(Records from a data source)
────
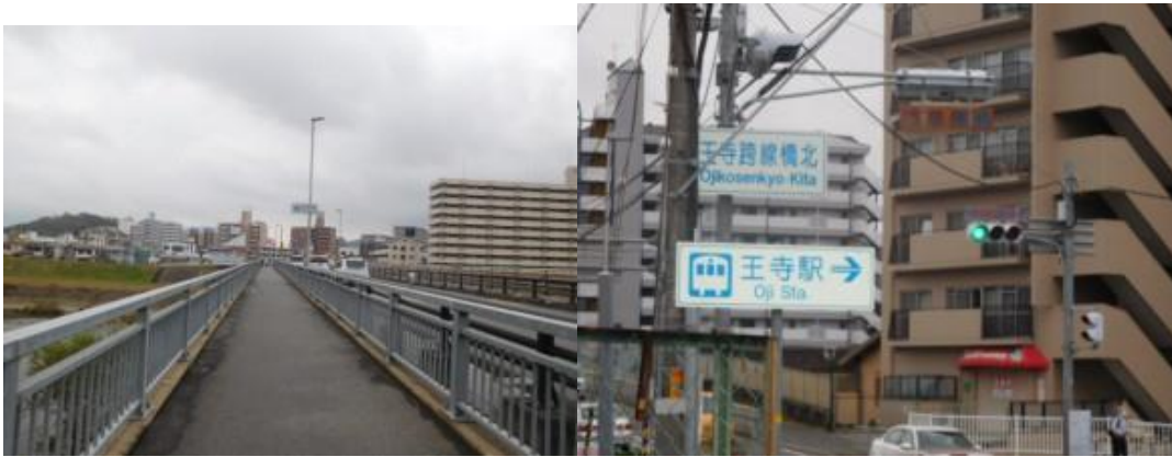
※昭和橋、王寺駅への案内板

15時27分、雀の群れに遭遇する。15時37分、万歩計で60歩ある竜田川を渡る。15時41分、見覚えのある大和川（昭和橋：213歩）を渡る。橋の途中で王寺町に入る看板を目にする。この橋を渡った先でJR王寺駅の案内板を目にする。そして、暫く歩いた先にJR王寺駅（16時5分）があった。この駅は近鉄田原本線の新王寺駅が面していた。近鉄新王寺駅は数年前家内と旅行する際、橿原神宮から法隆寺に移動する時、利用した駅なので懐かしくなった。また、JR王寺駅も新大阪駅へのアクセスで。
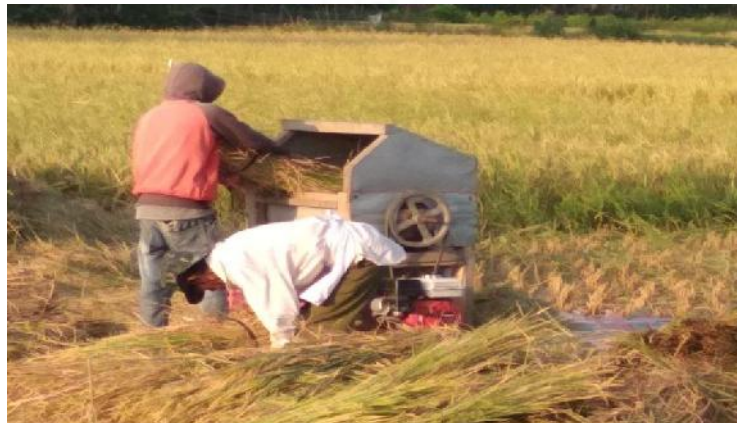
Gambar 5 gambar mesin dross

Dengan mesin perontok padi yang sekarang, operasional mesin cukup sederhana, cukup dengan memegang bagian ujung gagang jerami padi. Kemudian ditempelkan ke dalam gerigi perontok padi, maka padi akan terontok sempurna. Mesin ini disediakan juga tempat menaruh batang padi yang siap dirontokkan, sehingga jarak waktu antara perontokan pengambilan bahan baku cepat.
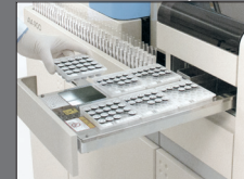
Clasificador de 19 Bandejas
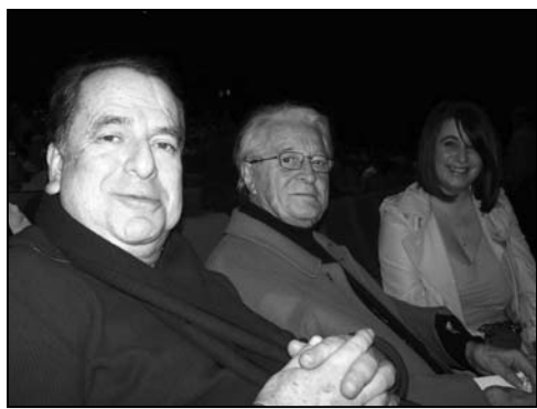
图：世界著名作家、法国国家荣誉勋章获得者保罗·劳卡先生

阿菲德·阿古讷（Hafid Aggoune）是一位青年作家，曾于二零零四年获得费南昂（Fénéon）文学奖。阿古讷先生称神韵把人们带入奇幻的仙境，节目内涵深邃，他感受到了代代传承的中华文化的内在力量，“慈悲、祥和非常强烈的从神韵演出中散发出来，记载在历史的此时此刻，现实和过去形成一体，这才是真正的神奇。这也是我在写作中要做的，一定要把过去的历史告诉未来，所有这一切在演出时都深深打动着我。”
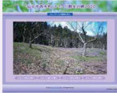
トップ画面イメージ
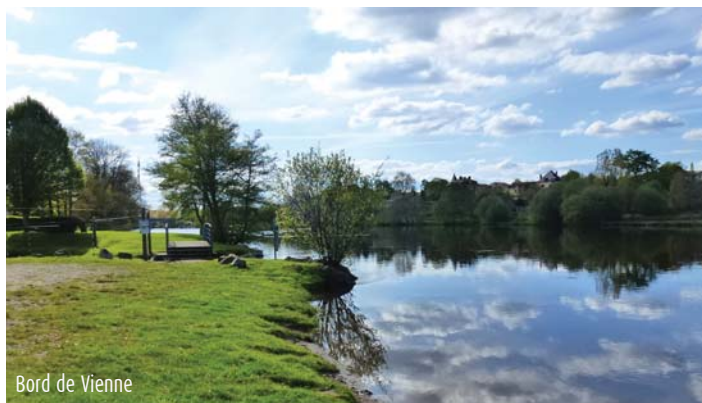
Bord de Vienne

Ses habitants sont appelés les Saint-Victurniauds. Le village est le seul entre Saint-Junien et Aix-sur-Vienne à être établi sur les deux rives de la Vienne. (Source Wikipédia)
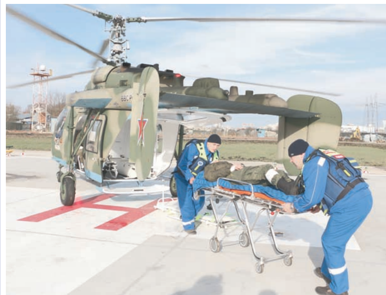
На учениях по организации экстренной автотранспортной эвакуации пострадавших

Для поиска, развития и быстрой реализации передовых идей и прорывных технологий в интересах Минобороны создан Военный инновационный технополис «ЭРА». К его деятельности планируется привлекать ведущих экспертов страны.
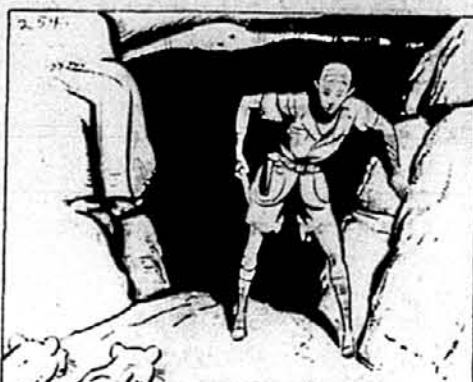
THE FRIGHTENED BOY WHIPPED OUT HIS KNIFE. TO HIM LIONS WERE LIONS, NO MATTER WHAT THEIR SIZE
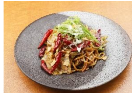
激辛!!! ソース焼きそば 720円

夏こそ激辛この一杯！！ 激辛料理で体温を下げ涼をとりましょう。辛味成分が消化器を刺激し食欲を増進、脳内麻薬作用により夏バテを吹き飛ばします。
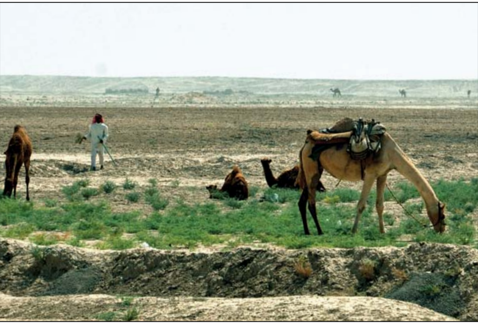
بادية السماوة.. الحياة على طبيعتها.. عدسة محمود رؤوف

■ ذي قار/ حسين العامل دعا ناشطون في مجال التظاهرات وحقوق الانسان الى تشكيل لجنة اممية للتحقيق في جرائم قتل المتظاهرين، مشيرين الى ان تقرير بعثة الامم المتحدة حول تطورات التظاهرات في العراق اغفل الكثير من الحقائق ولم يسم الجهات المتورطة بالقتل بأسمائها ووصفها بـ "عناصر مسلحة مجهولة الهوية". واصدرت بعثة الامم المتحدة لمساعدة العراق (يونامي) مؤخرا تقريرا حول تطورات التظاهرات في العراق: تحت عنوان (المساءلة
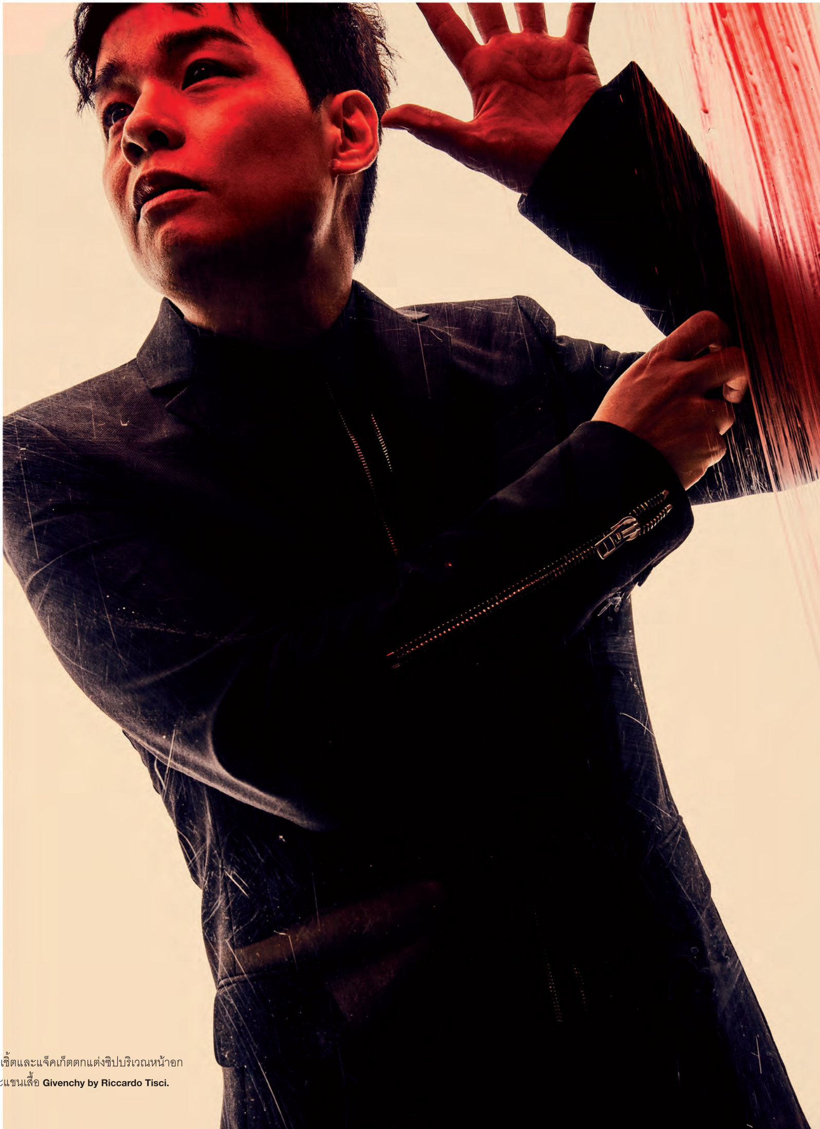
เสื้อเชิ้ตและแจ็กเก็ตตกแต่งชิปบริเวณหน้าอก และแขนเสื้อ Givenchy by Riccardo Tisci.
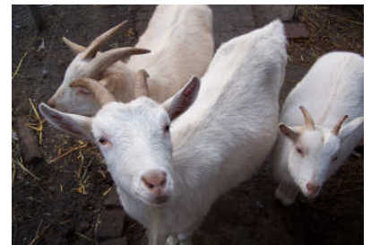
Melief met Veerle en Pepijn

Een geit heeft de pest aan regen en moet te allen tijden beschikken over een schuilmogelijkheid. Deze heftige
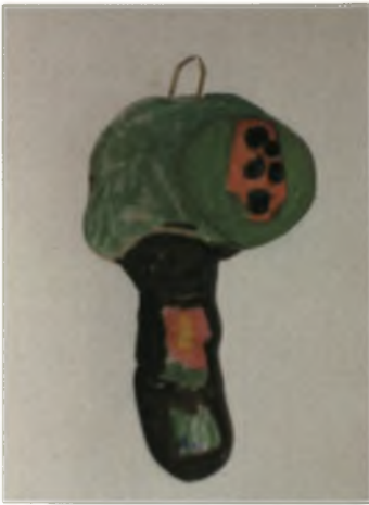
Φραγκίσκου 6χρ.: Καρπουζιά
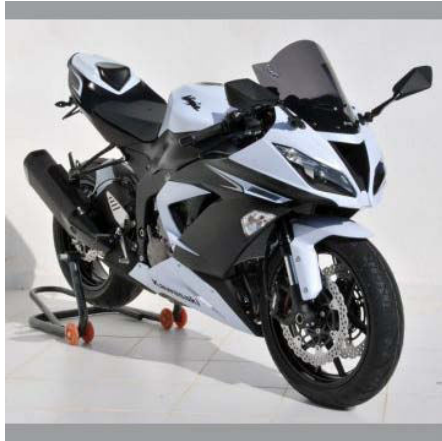
Kawasaki ZX6R 636
────
TASK
Print exactly the lines above that run from the one with "Gambar 5 gambar mesin dross" to the one with "夏こそ激辛この一杯！！ 激辛", both included. No pictures.

ANSWER BELOW
Gambar 5 gambar mesin dross

Dengan mesin perontok padi yang sekarang, operasional mesin cukup sederhana, cukup dengan memegang bagian ujung gagang jerami padi. Kemudian ditempelkan ke dalam gerigi perontok padi, maka padi akan terontok sempurna. Mesin ini disediakan juga tempat menaruh batang padi yang siap dirontokkan, sehingga jarak waktu antara perontokan pengambilan bahan baku cepat.
Clasificador de 19 Bandejas
图：世界著名作家、法国国家荣誉勋章获得者保罗·劳卡先生

阿菲德·阿古讷（Hafid Aggoune）是一位青年作家，曾于二零零四年获得费南昂（Fénéon）文学奖。阿古讷先生称神韵把人们带入奇幻的仙境，节目内涵深邃，他感受到了代代传承的中华文化的内在力量，“慈悲、祥和非常强烈的从神韵演出中散发出来，记载在历史的此时此刻，现实和过去形成一体，这才是真正的神奇。这也是我在写作中要做的，一定要把过去的历史告诉未来，所有这一切在演出时都深深打动着我。”
トップ画面イメージ
Bord de Vienne

Ses habitants sont appelés les Saint-Victurniauds. Le village est le seul entre Saint-Junien et Aix-sur-Vienne à être établi sur les deux rives de la Vienne. (Source Wikipédia)
На учениях по организации экстренной автотранспортной эвакуации пострадавших

Для поиска, развития и быстрой реализации передовых идей и прорывных технологий в интересах Минобороны создан Военный инновационный технополис «ЭРА». К его деятельности планируется привлекать ведущих экспертов страны.
THE FRIGHTENED BOY WHIPPED OUT HIS KNIFE. TO HIM LIONS WERE LIONS, NO MATTER WHAT THEIR SIZE
激辛!!! ソース焼きそば 720円

夏こそ激辛この一杯！！ 激辛料理で体温を下げ涼をとりましょう。辛味成分が消化器を刺激し食欲を増進、脳内麻薬作用により夏バテを吹き飛ばします。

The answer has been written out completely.